Those who pay attention to solid-state drives know that there are four types of particles in solid-state drives: SLC, MLC, TLC, and QLC. The difference between them is that the density is increasing, the price is becoming cheaper, but correspondingly, the lifespan is getting shorter, and the read and write speed is getting slower. Nowadays, consumer-grade solid-state drives are still mainly TLC, but with the growing demand for data storage and sensitivity to price, storage manufacturers are gradually introducing QLC solid-state drives that have larger capacity and lower price.
However, slow speed is a weakness of QLC. But, is it possible to combine the advantages of large QLC capacity, low price, and fast SLC read/write speed? The answer is yes. X-NAND flash architecture, which aims to combine the speed of SLC flash with the density and low price of QLC.
Regarding this technology, many people might think it’s just SLC Cache technology, right? But after understanding it, there are indeed some new elements. Let’s take a closer look.
Firstly, the highlight of this technology lies in its 3x faster random read and write performance compared to QLC flash, and an impressive 27x/14x increase in sequential read and write workloads respectively.

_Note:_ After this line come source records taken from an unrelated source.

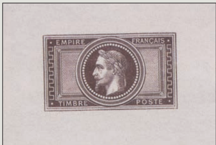
Une épreuve sans le 5 et le F, très rare.

Compte-tenu de ce qui précède, les épreuves ne posent pas de problème d'identification. Elles font l'objet de cotations.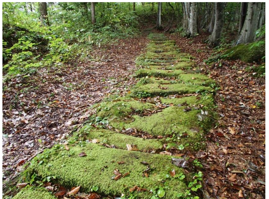
雨に映える苔が美しい敷石道

皆様も是非この身近で静寂に包まれた観光スポットを訪れてみてください。明瞭な四季の移り変わりの中に悠久に在り続ける風雅な古道を堪能できることでしょう。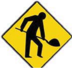
La Chascona en Santiago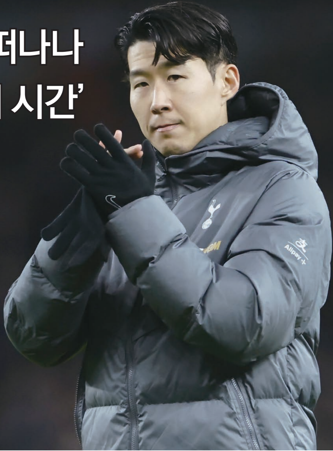
영국 프로축구 프리미어리그(EPL) 겨울 이적시장이 열리면서 올 여름 토티넘과 계약이 끝나는 손흥민의 '계약 연장' 여부를 놓고 관심이 뜨겁다.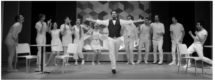
Les parallèles se rejoignent à l'infini , création des finissants en Jeu et en Scénographie

Quel bonheur j'ai eu de me joindre à l'équipe du Conservatoire d'art dramatique de Québec cette année ! Je tiens tout d'abord à féliciter chaleureusement les seize finissants qui ont obtenu leurs diplômes en mai 2016 : douze en Jeu et quatre en Scénographie . Je sais à quel point la troisième année est importante pour leurs carrières naissantes et remplie de défis exaltants. Ils et elles les ont relevés avec brio. Découvrez nos finissants.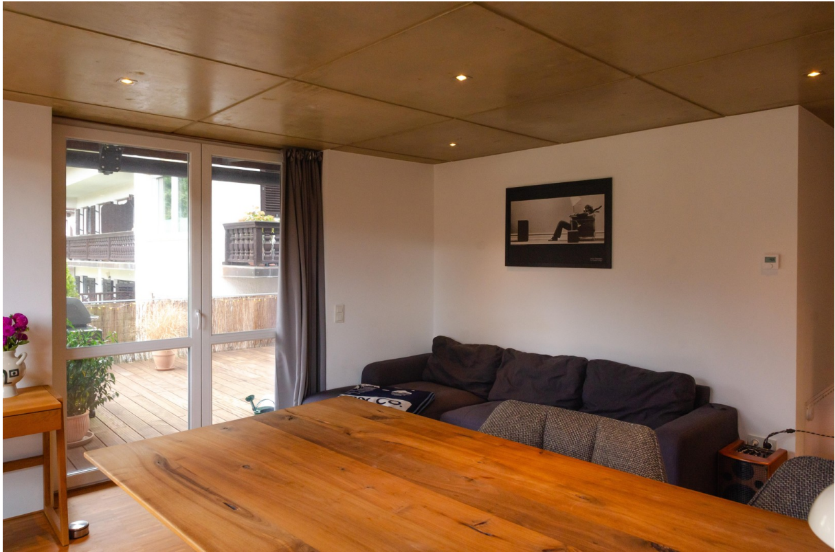
Wo-Zi. mit Blick auf Terrasse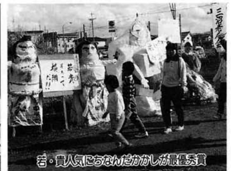
若・貴人気にちなんだかがしが最優秀賞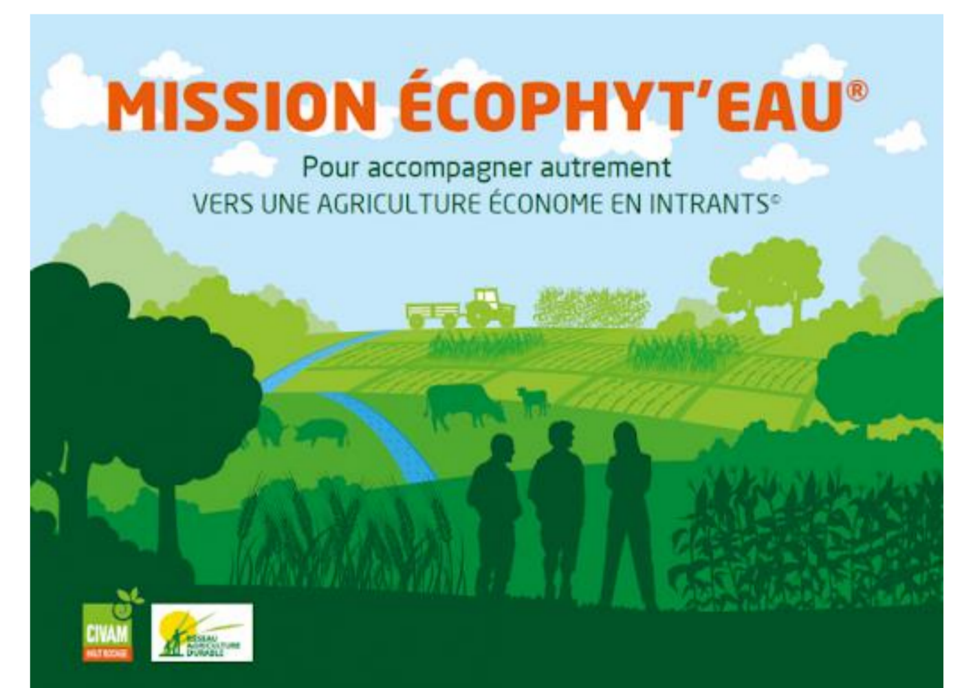
Le guide STEPHY et ses fiches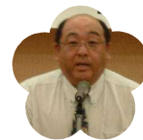
高知商業高等 学校 PTA 会長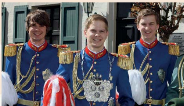
St. Katharina Junggesellen Bruderschaft 1708 e.V.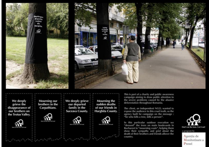
Görsel 5. Grey Worldwide Romanya tarafından tasarlanan “Don’t cut the trees. Cut it out!” isimli kampanya.

Ağaçlara asılan ilanlarda “Trotus Vadisi'ndeki kardeşlerimizin kaybolmasının derin üzüntüsünü yaşıyoruz”, “Karpattlar'daki kardeşlerimizin yasını tutuyoruz”, “Suceava İlçesinde vefat eden ailemizin yasını derinden tutuyoruz” ve “Harghita İlçesindeki dostlarımızın ani ölümlerinin yasını tutuyoruz” cümleleri yer almaktadır. Okuyanın dikkati çekerek, insanlığın en büyük hassasiyetlerinden biri olan ölüm, kayıp duyguları yoluyla empati yapmalarını sağlamak amaçlanmıştır. Bu yönüyle deneysel reklamın iyi bir örneğidir.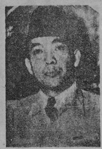
DR. AMED SOEKARNO El primer resistente contra Holanda

En verdad, no puede afirmarse que la ocupación de Java y Sumatra por Holanda haya ofrecido características sangrientas de conquista. Desde que, en 1596, arrojaron a los portugueses, cabe sólo registrar una insurrección armada allá por el año 1825. Cierzo que el indígena fué siempre indolente, poco batallador y más aficionado a masticar «bete» que a manejar el clásico «kriss» malayo para otra cosa que no sea cortar la caña de azúcar. Por otra parte, la raza neerlandesa tiene un concepto diametralmente al de nosotros, españoles, en materia colonizadora.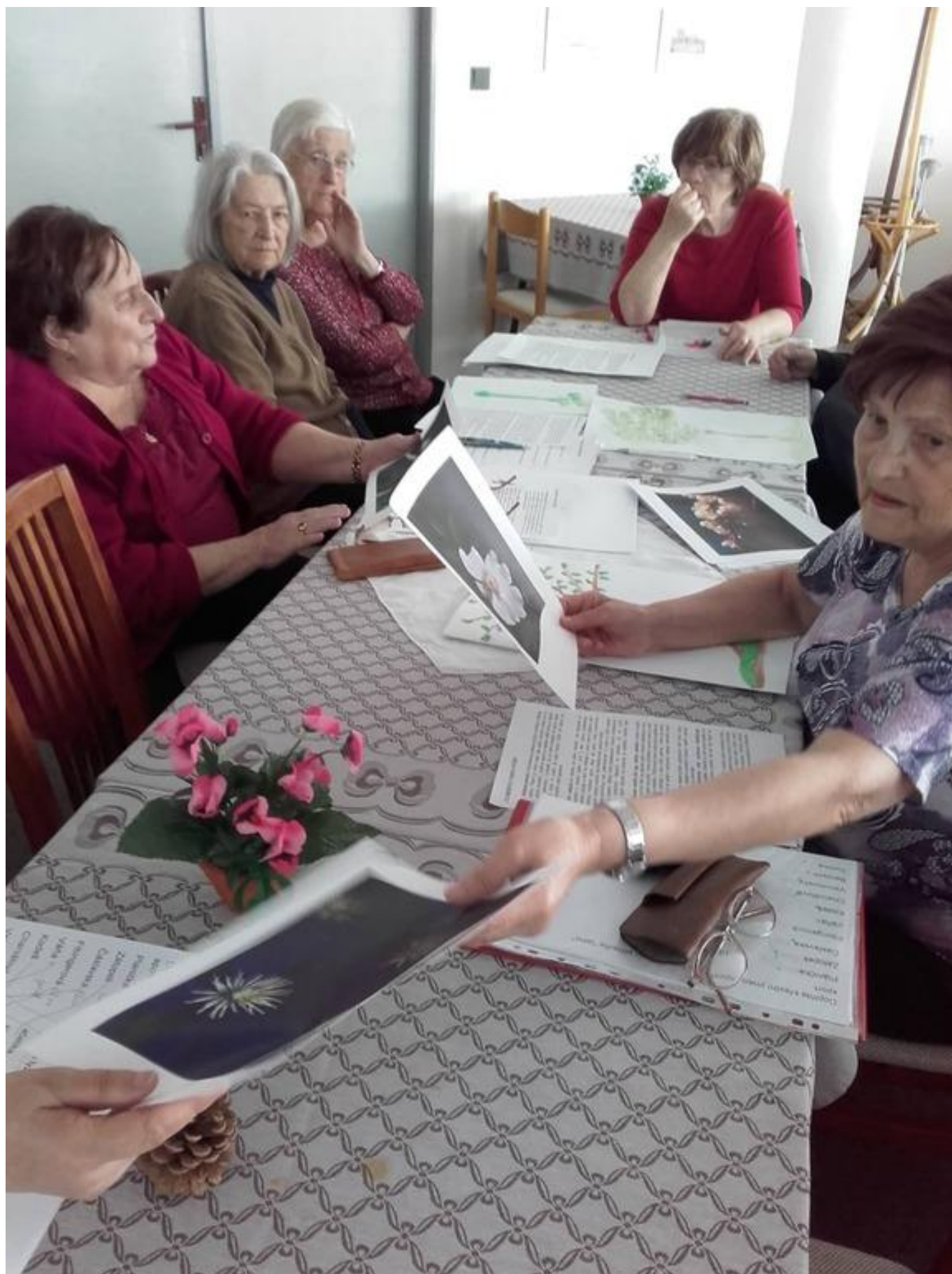
[30] Hrátky s pamětí - kvíz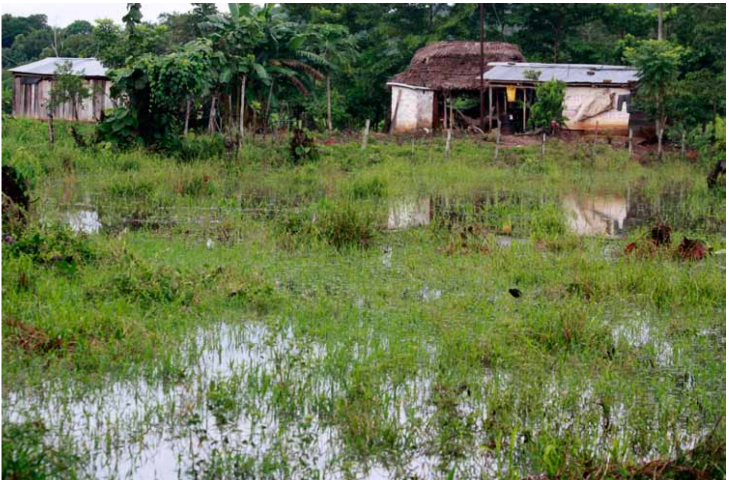
La zona rural del Valle del Río Cimitarra. CREDHOS también enfoca su labor en la promoción de los derechos humanos, derechos económicos, sociales y culturales (DESC).

La situación de derechos humanos sigue crítica en la región. La Defensoría del Pueblo enfatiza que «durante los últimos meses ha sido de conocimiento público la intensificación de las amenazas y hostigamiento contra defensoras y defensores» 13 . Destaca que «el principal escenario de riesgo [...] continúa siendo la presencia de las nuevas estructuras armadas ilegales emergidas con posterioridad a la desmovilización de las autodefensas». Se refiere a «Los Rastrojos» y «Los Urabeños», grupos que según este informe están en una disputa territorial «por el control de la economía lícita e ilícita de la región del Magdalena Medio, de las rutas del narcotráfico (puertos de embarque, transporte de precursores químicos y derivados de la coca), el lavado de dinero, el cobro de extorsiones y el hurto de combustible» 14 .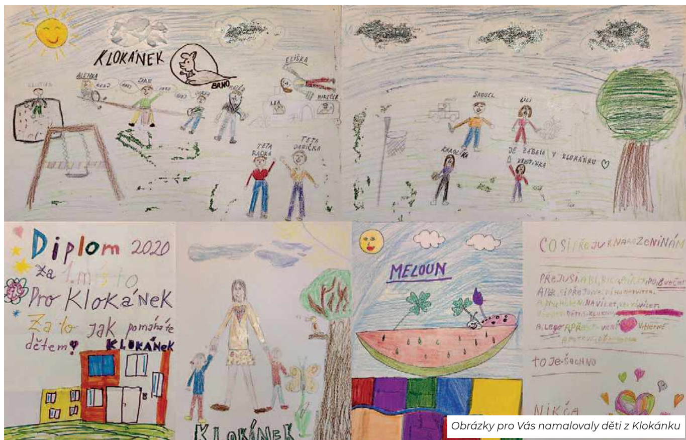
Obrázky pro Vás namalovaly děti z Klokánku

Teto, vám tady svítí světlo? Teto, vám tady teče teplá voda? Děti chodí do lednice a kontrolují, že tam to jídlo stále je. Toto jsou situace, které už tety v Klokánku nevyvedou z míry.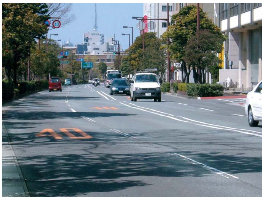
大きくうねった道路(明治通)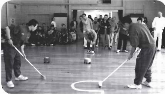
微妙な力加減が難しいところ…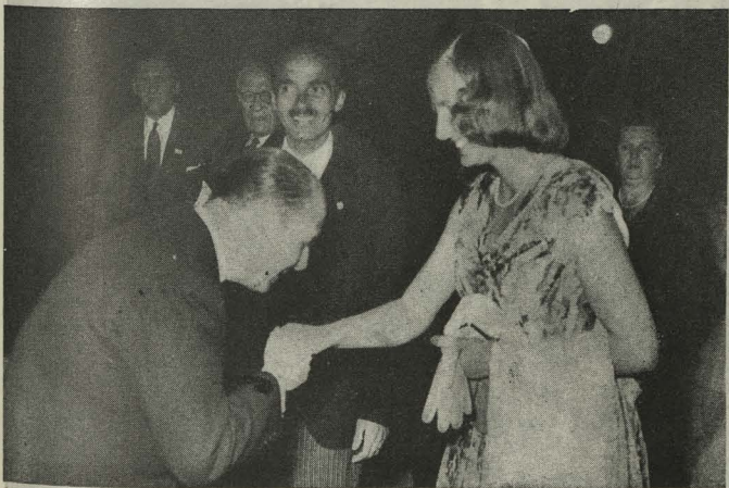
El Alcalde saluda a la Archiduquesa Otto de Austria-Hungría, a su llegada a los Jardines del Retiro

Día 20. —Con el esplendor acostumbrado se celebró en Madrid la Procesión del Corpus, que recorrió las calles de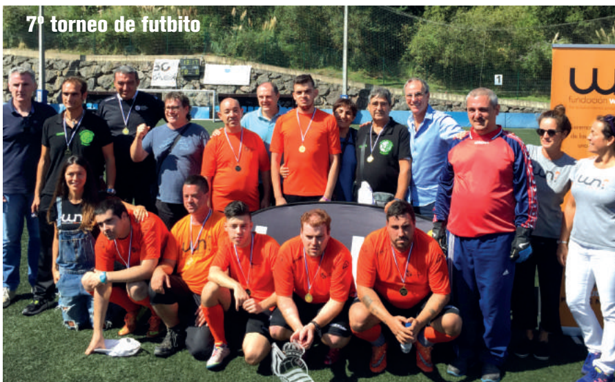
7º torneo de fútbolito

The chip size is also smaller, occupying only 37% of a 16-plane design, allowing for flexible sizing to achieve desired speeds. Additionally, this technology doesn’t require new manufacturing processes and can be integrated into existing flash manufacturing equipment.
Enhancing data read and write concurrency is a crucial direction for improving flash memory performance. Increasing the number of planes significantly enhances flash concurrency, and one of the reasons for the high performance of X-NAND technology is the increased number of planes. However, the challenge lies in the rarity of 16-plane flash, as most flash memory utilizes only 2 planes. Currently, XL-NAND from Kaira is likely the only option with 16-plane flash.
Nevertheless, achieving a widespread application of 16-plane design in 3D flash memory isn’t economically viable. This is because the number of Page Buffers would also increase in tandem, leading to a sharp rise in the chip’s overall size and consequently driving up manufacturing costs. X-NAND tackles this issue by altering the design of NAND flash, reducing the capacity of Page Buffers to minimize the area occupied by multi-plane flash.
According to Internet sources, X-NAND incorporates a device between each plane and Page Buffer (PB), thereby reducing the PB capacity to 1KB. This is the key factor behind achieving a smaller chip size with X-NAND, enabling each flash die to accommodate 16 or even 64 planes without a significant cost increase. Moreover, X-NAND technology can also be applied to SLC flash, promising even faster speeds for SLC flash memory than what is currently available.
Additionally, as we are aware, solid-state drives (SSDs) employing the SLC Cache strategy often experience a significant drop in speed once the cache is exhausted. Does X-NAND technology also face a similar concern? According to information from online resources, X-NAND technology ensures that QLC flash maintains its read and write speed consistently, akin to SLC cache, thereby preventing the occurrence of a speed decline when the cache is depleted.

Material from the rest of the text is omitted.